Backbone network: converts the input image into a feature map.
- Usually ResNet-101 with the strided convolutions converted to dilations convolutions in stage 3 and 4.
- The 3x3 convolutions in stage 3 and 4 have dilation sizes of 2 and 4, respectively, to compensate for the decreased receptive field.
- The average pooling and classification layer are ignored.
Spatial Pyramid Pooling: extracts multi-resolution features from the stage 4 backbone feature map.
- The backbone feature map is processed with four parallel convolution layers with dilations {1, 12, 24, 36} and kernel sizes {1x1, 3x3, 3x3, 3x3}.
- In parallel to the convolutions, global average pool the backbone feature map, then bilinearly upsample to be the same spatial dimension as the feature map.
- Concatenate the outputs from the convolutions and global average pool, then process with a 1x1 convolution.
- The 3x3 convolutions are implemented as depth-wise convolutions to reduce memory and computation cost.
Decoder: converts the output of spatial pyramid pooling (SPP) to class predictions of the same spatial dimension as the input image.
- SPP output is bilinearly upsampled to be the same spatial dimension as the output from the first stage in the backbone network.
- A 1x1 convolution is applied to the first stage activations, then this is concatenated with the upsampled SPP output.
- The concatenation is processed by a 3x3 convolution with dropout followed by a classification layer.
- The predictions are bilinearly upsampled to be the same resolution as the input image.

Training Hyperparameters#

We tested two sets of hyperparameters for DeepLabv3+ trained on the ADE20k dataset.

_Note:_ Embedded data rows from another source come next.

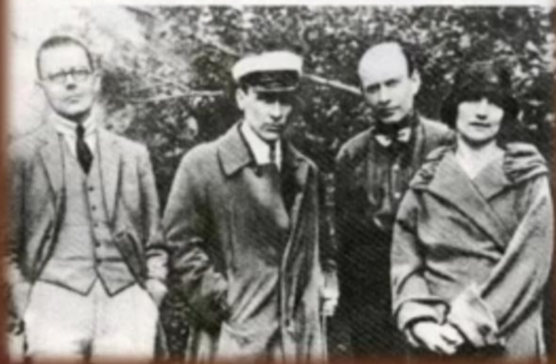
М. Булгаков и Л. Е. Белозерская (вторая жена писателя) с друзьями 1928 г.

Любовь Евгеньевна Белозёрская (1895- 1987) стала впоследствии автором книги о жизни с Булгаковым «О, мёд воспоминаний»
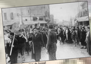
Départ pour les camps de travail
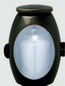
T 10 318 Classic P 10 305 Classic
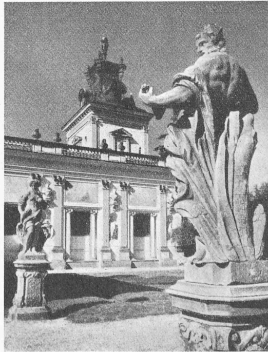
Bild 2. Teilstück des Palastes in Wilanow bei Warschau, erbaut 1678 bis 1694. Arch. A. LOZZI
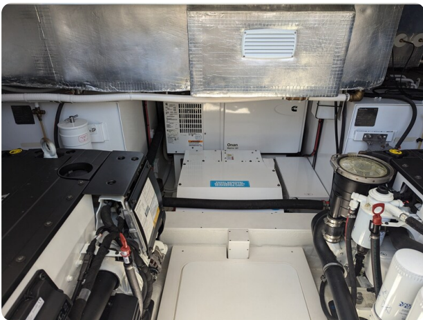
Bluegame 42 Onan generator
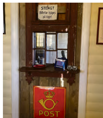
INTERIØR: Litt av interiøret i bygningen
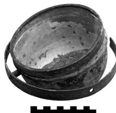
Afb. 6 - Kompas met cardanische ophanging (schaal 10 cm)
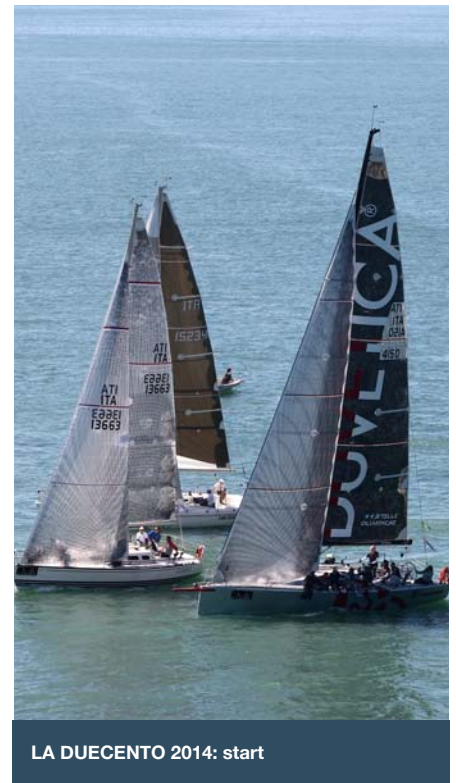
LA DUECENTO 2014: start

First, Second and Third for each class if the class counts more than 5 boat.
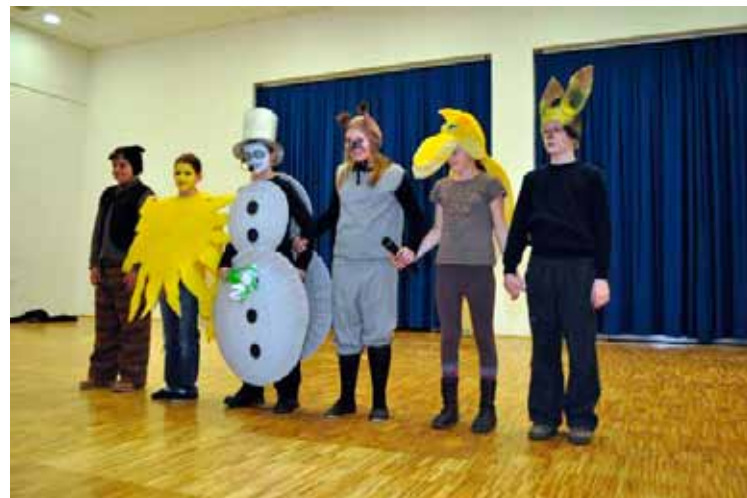
Utrinek z nastopa učencev OŠ Dobrna na Občnem zboru DU Dobrna

Komaj smo čakali, da se predstavimo. Trema je bila precej huda. Prišli so nas poslušati tudi nekateri starši. Bilo je odlično. Na koncu smo se vsi nastopajoči zbrali in se priklonili. Predsednik društva pa se nam je zahvalil. Poslušalci so zaploskali, na našem obrazu pa se je prikazal nasmeh. V učilnici smo imeli pogostitev. Bili smo
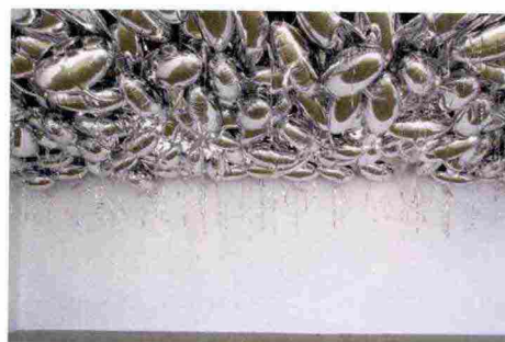
Philippe Parreno, 'Speech Bubbles (Silver)', 2009

Installazioni a Versailles – Sempre più aperto all'arte contemporanea, il castello accoglie fino al 30/10 Olafur Eliasson. 5 opere in interni, per cambiare le prospettive degli spazi barocchi, 3 nel parco sul tema dell'acqua, compresa la monumentale 'Waterfall'. www.chateauversailles.fr
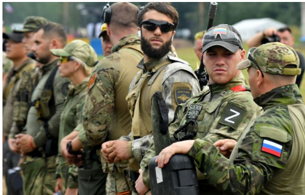
Фото: перекидання військ РФ і боеприпасів щодня під загрозою

Російські окупанти не можуть наступати в дельті Дніпра на Херсонщині. Причиною тому стала критична нестача катерів.
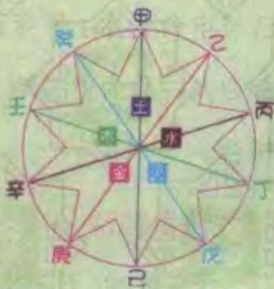
天干相合的关系图表

在此你或许会有疑问，六十甲子图表，应该是从甲子一直排到癸亥，共六十个组合，但第8页图却从甲申开始排。其实这两种排法都一样，只要读者从肖鼠那一行横排，就可找到“甲子”，如此推算下去，所得答案都一样。而本书这种编法，主要是让读者了解十二生肖与天干、地支的关系。
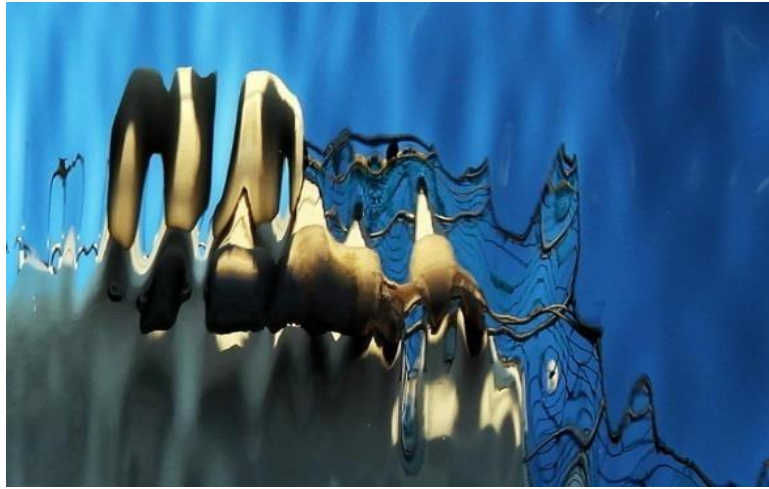
Görsel 12: ‘Sudan Öyküler’ Portfolyosuna Ait Soyut Fotoğraf

‘Sudan Öyküler’ portfolyosundan paylaşılan fotoğraf; deniz, ırmak, dere, göl gibi su yüzeylerinin ışık, dalgalanma, bir kuvvet etkisiyle yayılma vb. gibi etkenlerle hareketlenmesine bağlı olarak Görsel 12’de verilmiştir. Bu fotoğrafta, “ışığın su ile buluşmasıyla nesnelere yansıtmasının verdiği ana mekânda yayılmanın yarattığı etkiyle estetik bir görünüm sergilenmektedir. Fotoğrafın şekil bileşenleri olarak; iki sıralı bir yerleşim düzeninde, ön planda güçleriyle bir anıt gibi duran savaşı, sözü dinlenen donanımlı soyut özneler buldukları yerlere kök salmış gibiler. Arka planda çizgilerle betimlenmiş daha sıradan özneler yer almakta ve güçlü olanlarla daima bağ kurma çabası içinde onlara kul olmuş bir seremoni içinde görülmektedir”. Fotoğrafın estetik yanı sıra bir düş zenginliği sunduğunu da ifade etmek gerekir.
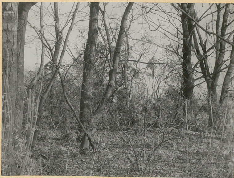
4. Wnętrze cmentarza, część północna
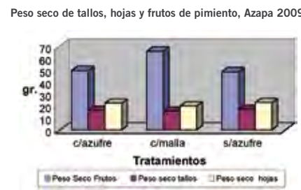
Figura 6. Peso seco de tallos, hojas y frutos de pimienta con tres tratamientos de protección del cultivo, Azapa 2009.
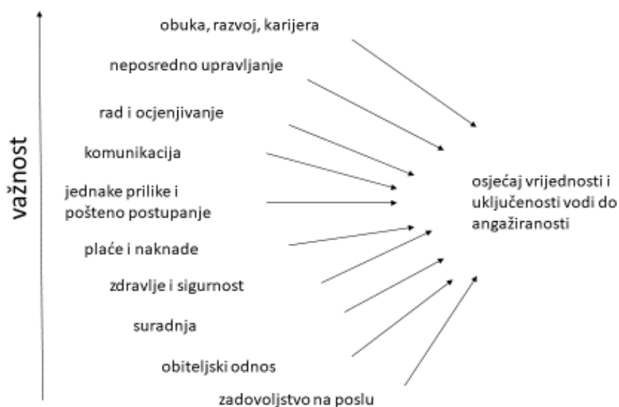
Slika 1: IES-ov model angažiranosti
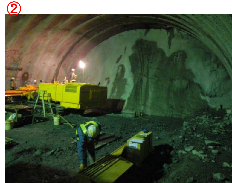
▲気仙沼第2号トンネル内切羽の状況を望む
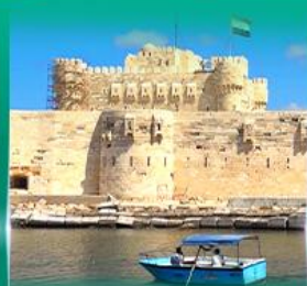
บอมปรการ Quite Bay
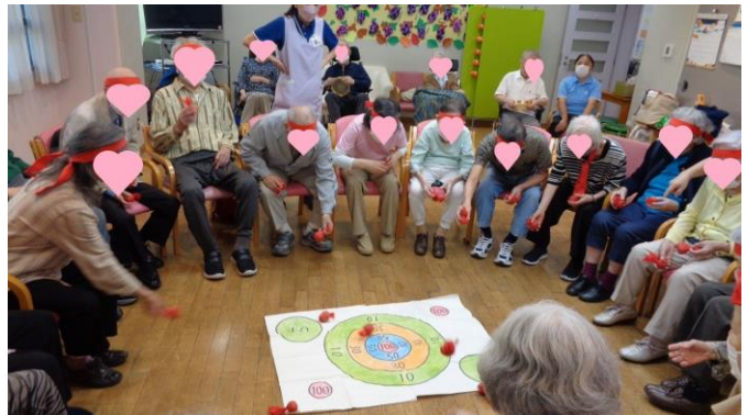
紅白に分かれて勝敗を競います！！
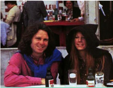
ANECDOTE JIM MORRISSON, DE PASSAGE À SAINT-LEU-D'ESSERENT
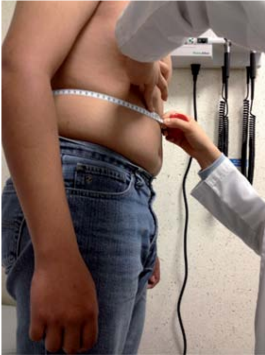
Figura 3. Medición de circunferencia de cintura.

en este sistema habrán de investigarse. En el abdomen la evaluación del hígado, sus dimensiones y la presencia o no de dolor orientan a la posibilidad de hígado graso o esteatohepatitis no alcohólica.

Typical ADE20k Model Hyperparameters#

Model: deeplabv3:
- Initializers: kaiming_normal, bn_ones
- Number of classes: 150
- Backbone weights: IMAGENET1K_V1
- Sync BatchNorm
Optimizer: SGD
- Learning rate: 0.01
- Momentum: 0.9
- Weight decay: 5.0e-4
- Dampening: 0
- Nsterov: false
LR schedulers:
- Polynomial:
  - Alpha_f: 0.01
  - Power: 0.9
Number of epochs: 127
Batch size: 16
Precision: amp

Model	mIoU	Time-to-Train on 8xA100
ResNet101-DeepLabv3+	44.17 +/- 0.17	6.385 hr

Composer ADE20k Model Hyperparameters#

Model: deeplabv3:
- Initializers: kaiming_normal, bn_ones
- Number of classes: 150
- Backbone Architecture: resnet101
- Sync BatchNorm
- Backbone weights: IMAGENET1K_V2
Optimizer: Decoupled SGDW
- Learning rate: 0.01
- Momentum: 0.9
- Weight decay: 2.0e-5
- Dampening: 0
- Nesterov: false
LR schedulers:
- Cosine decay, t_max: 1dur
Number of epochs: 128
Batch size: 32
Precision: amp

Model	mIoU	Time-to-Train on 8xA100
ResNet101-DeepLabv3+	45.764 +/- 0.29	4.67 hr

Improvements:

New PyTorch pretrained weights
Cosine decay
Decoupled Weight Decay
Increase batch size to 32
Decrease weight decay to 2e-5

Attribution#

Encoder-Decoder with Atrous Separable Convolution for Semantic Image Segmentation by Liang-Chieh Chen, Yukun Zhu, George Papandreou, Florian Schroff, Hartwig Adam

OpenMMLab Semantic Segmentation Toolbox and Benchmark

How to Train State-Of-The-Art Models Using TorchVision’s Latest Primitives by Vasilis Vryniotis

API Reference#

class composer.models.deeplabv3.composer_deeplabv3(num_classes, backbone_arch='resnet101', backbone_weights=None, sync_bn=True, use_plus=True, ignore_index=- 1, cross_entropy_weight=1.0, dice_weight=0.0, initializers=())[source]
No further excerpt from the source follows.